General model
(Yeh 2008)
- Imperfect signals
- Inharmonicity
- Resonance
- Surrounding noise
- \(x(t) = \tilde{x}(t) + z(t)\)
- \(x(t)\) is quasi-periodic
- Performed on short-time periods we refer to as frames using a sliding windowing function
Classification
- Sound: Monophonic (single pitch) vs. Polyphonic (multiple pitch)
- Analysis: Time domain vs.
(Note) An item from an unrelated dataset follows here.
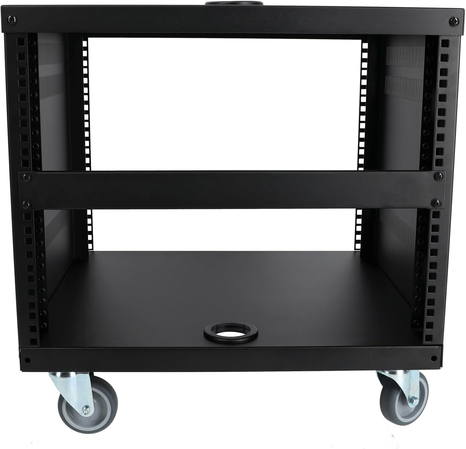 Rockville RR8U 8U Live Sound/Recording Studio Rack Case with Wheels, Reversible Rack Rails, Front & Rear Mounting, Cable Management Ports, 440lb Capacity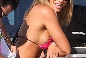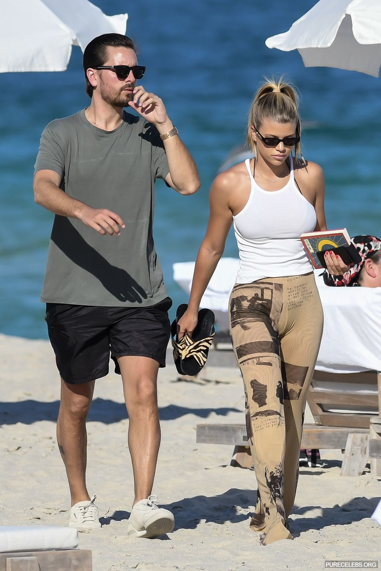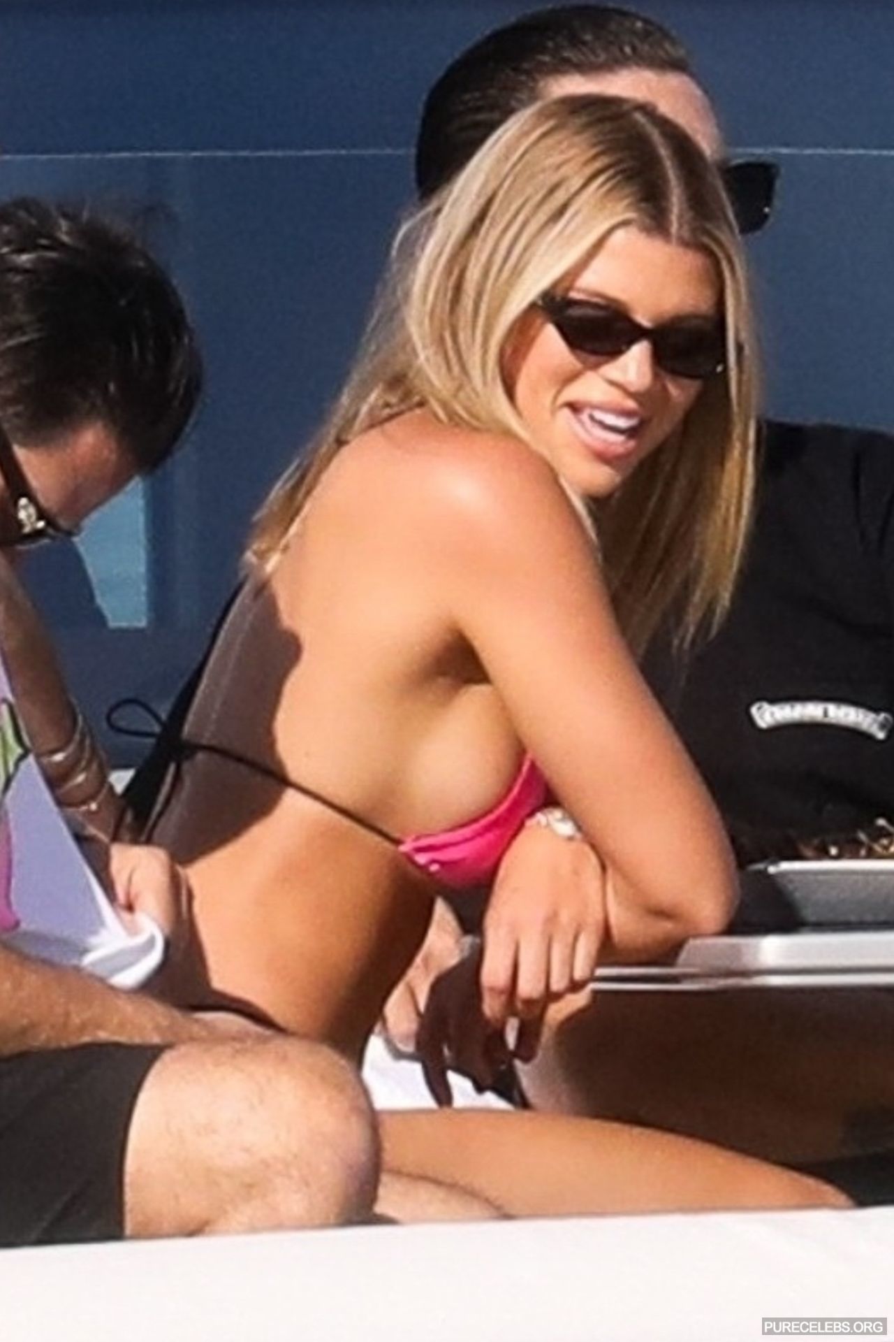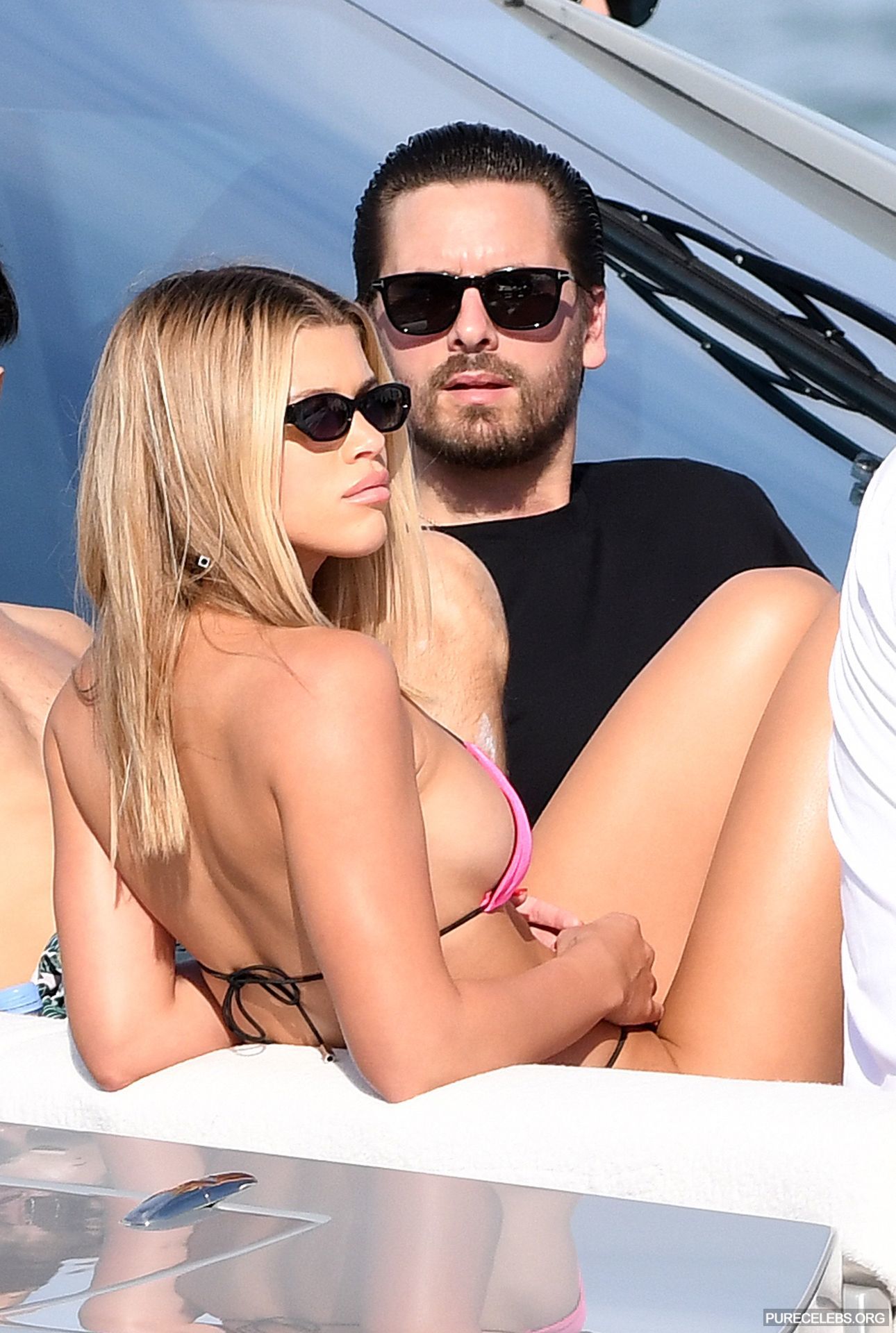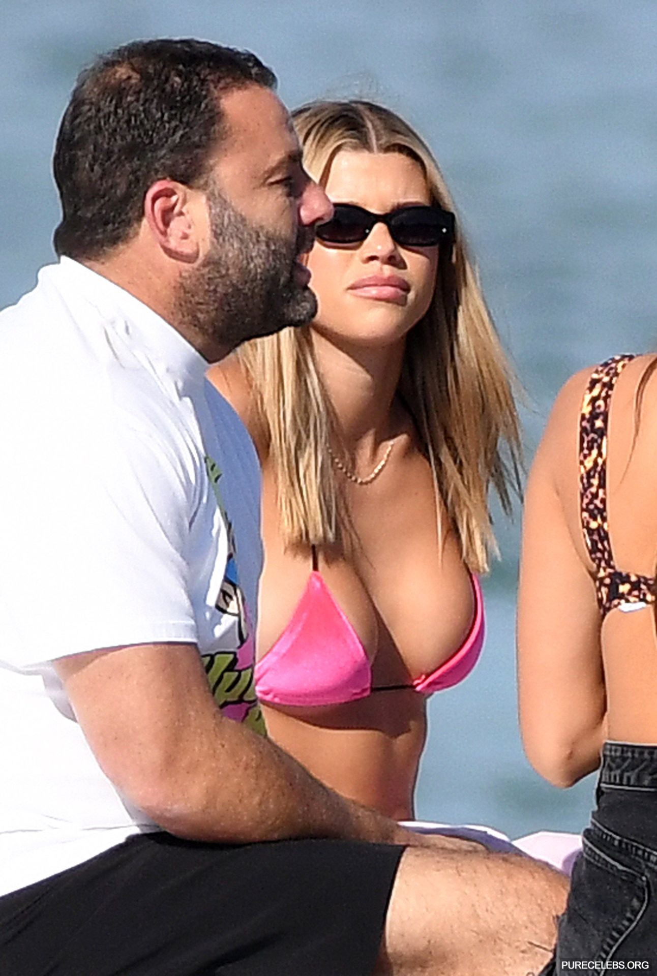 When the American model and fashion designer Sofia Richie appears on the beach, be sure that all eyes will be turned only to this hot blonde. And this is not surprising, because this celebrity dresses in very small bikinis, which almost do not cover her awesome body. For example, her puffy booty looked incredibly attractive in narrow pink thongs, and her big tits seemed ready to jump out of a small bra at any time!

Spectral domain
Single pitch estimation
\[\tilde{x}(t)=\sum_{h=1}^{\infty} A_h\cos(2\pi f_0 t + \varphi_h)
\approx\sum_{h=1}^{H} A_h\cos(2\pi f_0 t + \varphi_h)\]
Task: find \(f_0\)
Time domain
- Analyse signal \(x(t)\) directly with respect to time.
- Compare signal \(x(t)\) with a delayed version of itself \(x(t+\tau)\)
- Similarity/dissimilarity functions
Autocorrelation Function (ACF)
\[r[\tau] = \sum_{t=1}^{N-\tau} x[t]x[t+\tau]\]
- Attains local maximum for \(\tau\approx mT\)
- Sensitive to structures in signals
- (+): useful for speech detection
- (-): resonance structures in music signals
Average Magnitude Difference Function (AMDF)
\[d_{\text{AM}}[\tau] = \frac{1}{N}
\sum_{t=1}^{N-\tau} \left\lvert x[t]-x[t+\tau]\right\rvert\] (Ross et al. 1974)
- Attains local minimum for \(\tau\approx mT\)
- More adapted for music signals
Squared difference function (SDF)
\[d[\tau] = \sum_{t=1}^{N-\tau}(x[t]-x[t+\tau])^2\]
- Attains local minimum for \(\tau\approx mT\)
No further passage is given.